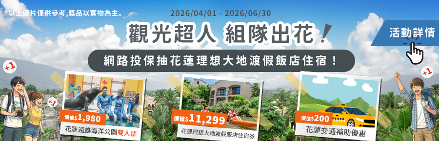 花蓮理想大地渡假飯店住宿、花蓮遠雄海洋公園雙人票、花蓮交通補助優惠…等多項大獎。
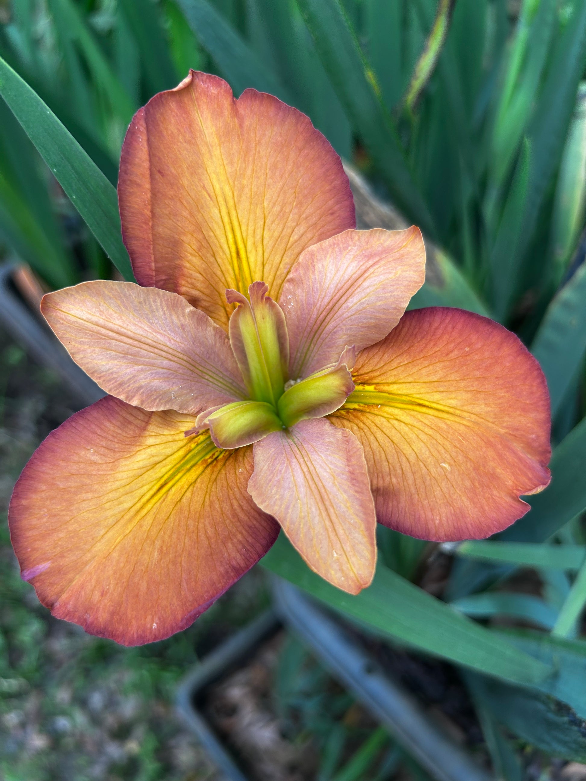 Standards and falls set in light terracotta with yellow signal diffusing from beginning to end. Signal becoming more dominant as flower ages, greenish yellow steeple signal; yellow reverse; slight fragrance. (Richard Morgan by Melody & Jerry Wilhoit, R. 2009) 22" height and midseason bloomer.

...

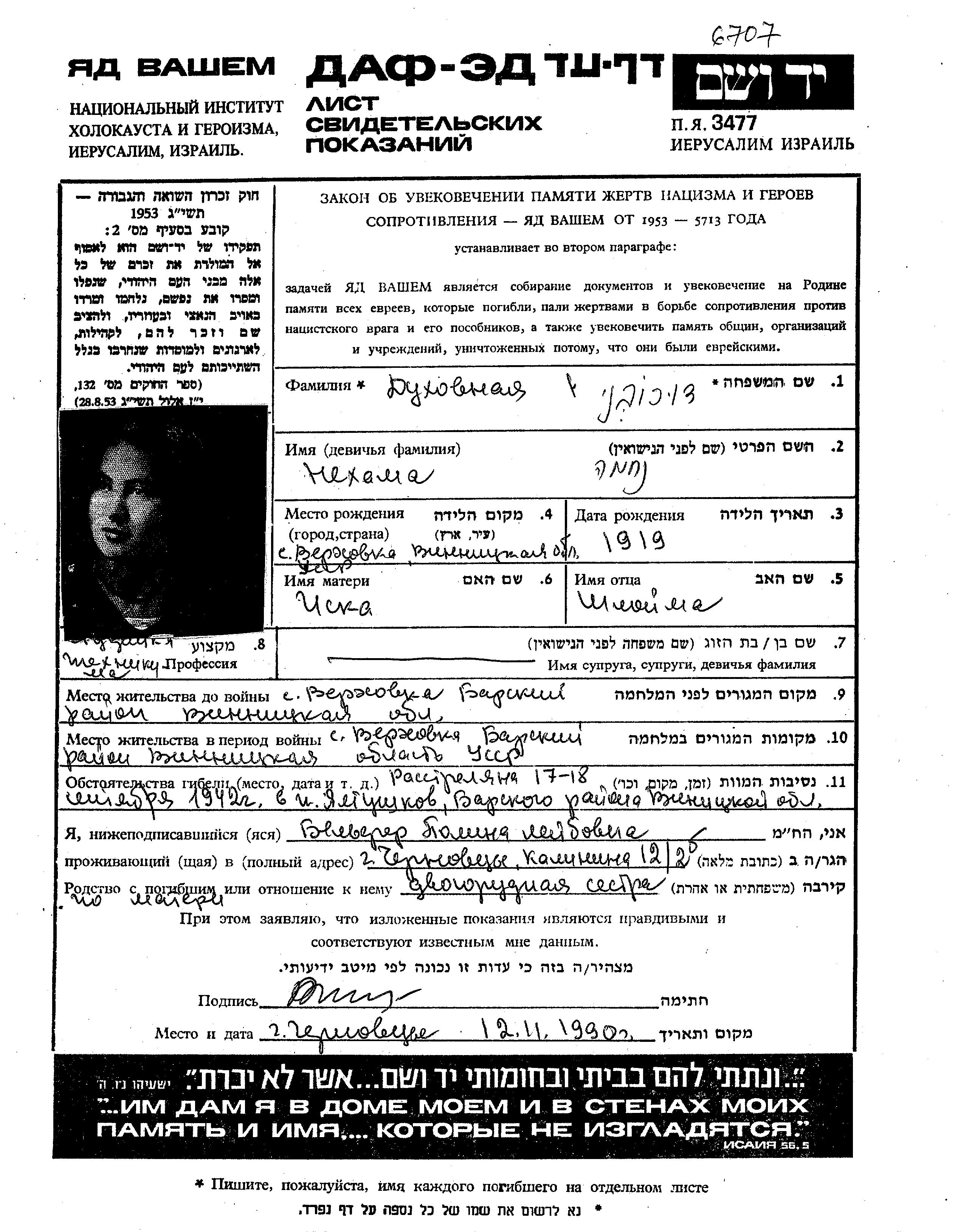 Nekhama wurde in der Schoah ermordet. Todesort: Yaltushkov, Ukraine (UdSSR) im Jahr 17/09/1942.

* * *

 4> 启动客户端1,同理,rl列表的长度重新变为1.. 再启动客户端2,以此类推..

*Work request*:
Your answer should consist of the lines above between those holding "花蓮理想大地渡假飯店住宿、花" and "Standards and falls", inclusive, reproduced word for word and without pictures.

*Answer to the problem*:
 花蓮理想大地渡假飯店住宿、花蓮遠雄海洋公園雙人票、花蓮交通補助優惠…等多項大獎。
 Standards and falls set in light terracotta with yellow signal diffusing from beginning to end. Signal becoming more dominant as flower ages, greenish yellow steeple signal; yellow reverse; slight fragrance. (Richard Morgan by Melody & Jerry Wilhoit, R. 2009) 22" height and midseason bloomer.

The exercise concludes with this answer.